- **INFORMATION PROVIDED**
Segment Open

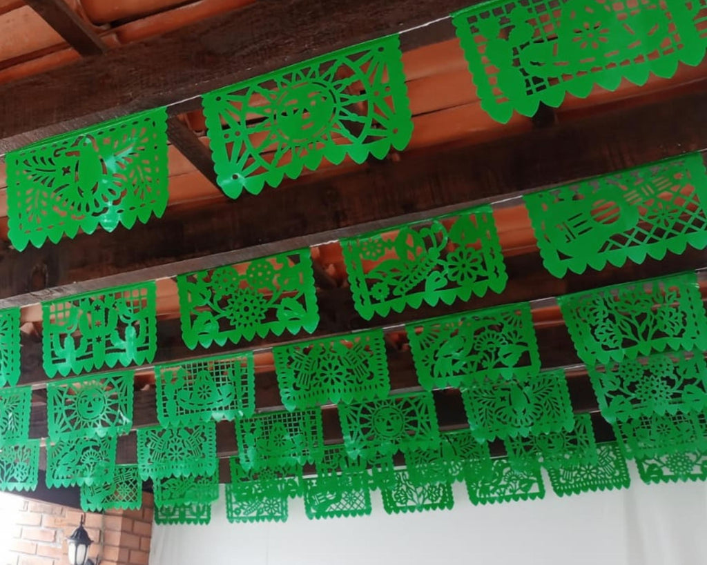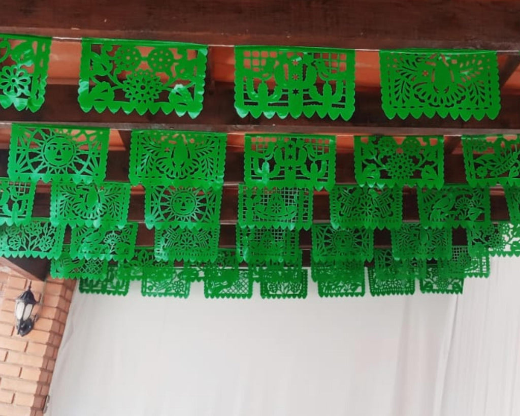 Get ready to fiesta with our Green Plastic Picado Banners! This 3 pack of banners is perfect for adding a festive touch to any party or event. Made from durable plastic, these garlands are a must-have for any Mexican-themed celebration.
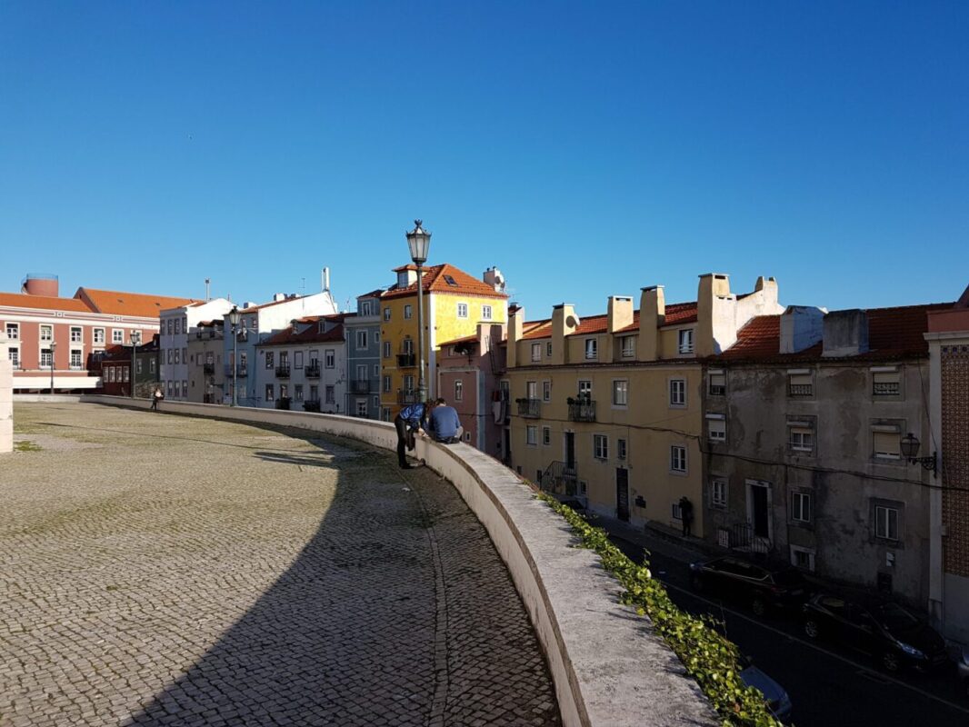 Dall’Elvador si passa al quartiere dell’Alfama attraverso un camminamento ed una terrazza. Lisbona si affaccia sul mare e sul fiume ed è caratterizzata da più altezze: due colli che si trovano alla destra e alla sinistra della parte che giace a livello del mare la Baixa. Sui due colli laterali si trova il quartiere più antico di Lisbona l’Alfama, insieme al Bairro alto, senza trascurare il Chiado che a Natale si ricopre di luci suggestive, e la Baixa, il cuore della città che parte dalle rive del Tago e giunge fino all’Avenida da Liberada.
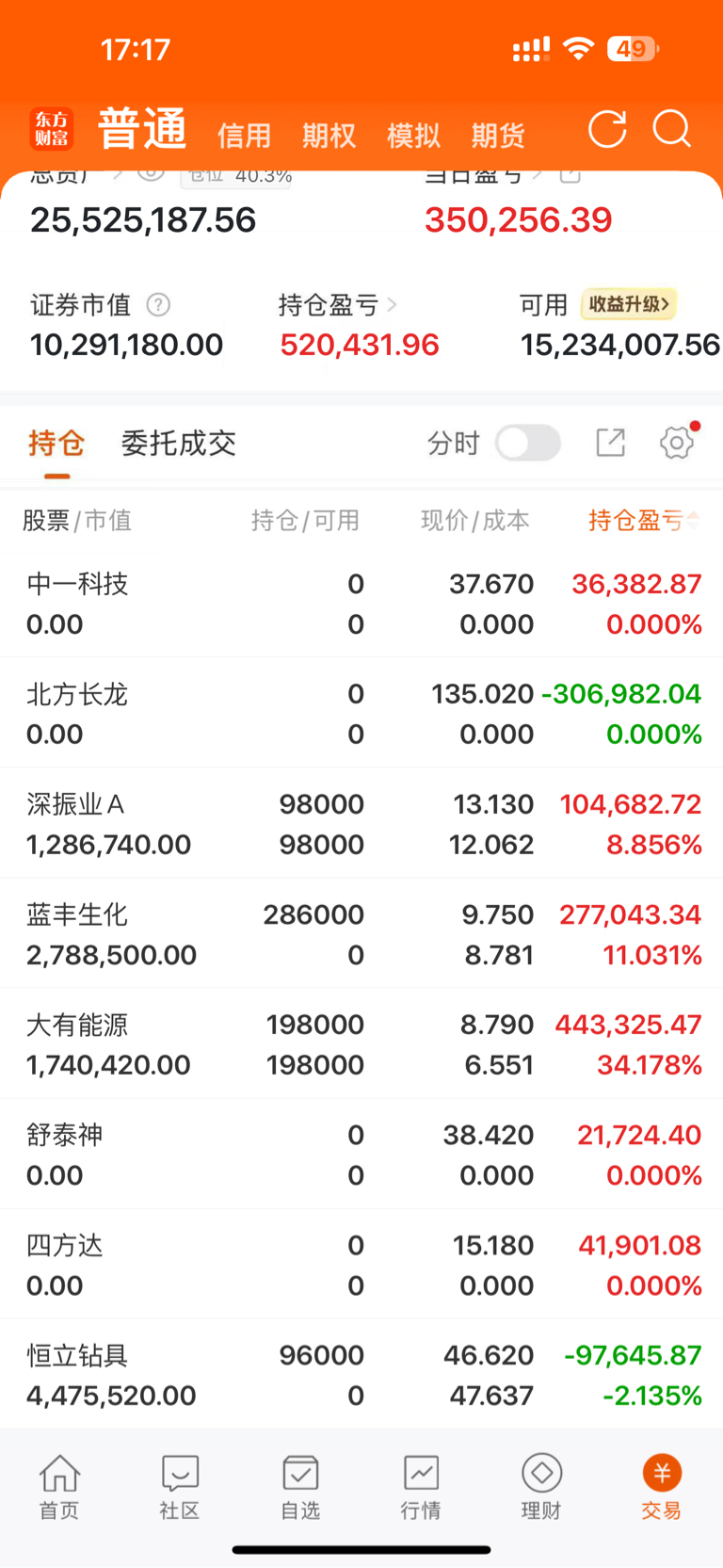 目前持仓情况:深振业A、蓝丰生化、大有能源、恒立钻具

Segment Closed

- **EXERCISE**
Retype the data exactly as it stands, but keep the images out of your copy.

- **EXERCISE RESPONSE**
 Get ready to fiesta with our Green Plastic Picado Banners! This 3 pack of banners is perfect for adding a festive touch to any party or event. Made from durable plastic, these garlands are a must-have for any Mexican-themed celebration.
 Dall’Elvador si passa al quartiere dell’Alfama attraverso un camminamento ed una terrazza. Lisbona si affaccia sul mare e sul fiume ed è caratterizzata da più altezze: due colli che si trovano alla destra e alla sinistra della parte che giace a livello del mare la Baixa. Sui due colli laterali si trova il quartiere più antico di Lisbona l’Alfama, insieme al Bairro alto, senza trascurare il Chiado che a Natale si ricopre di luci suggestive, e la Baixa, il cuore della città che parte dalle rive del Tago e giunge fino all’Avenida da Liberada.
 目前持仓情况:深振业A、蓝丰生化、大有能源、恒立钻具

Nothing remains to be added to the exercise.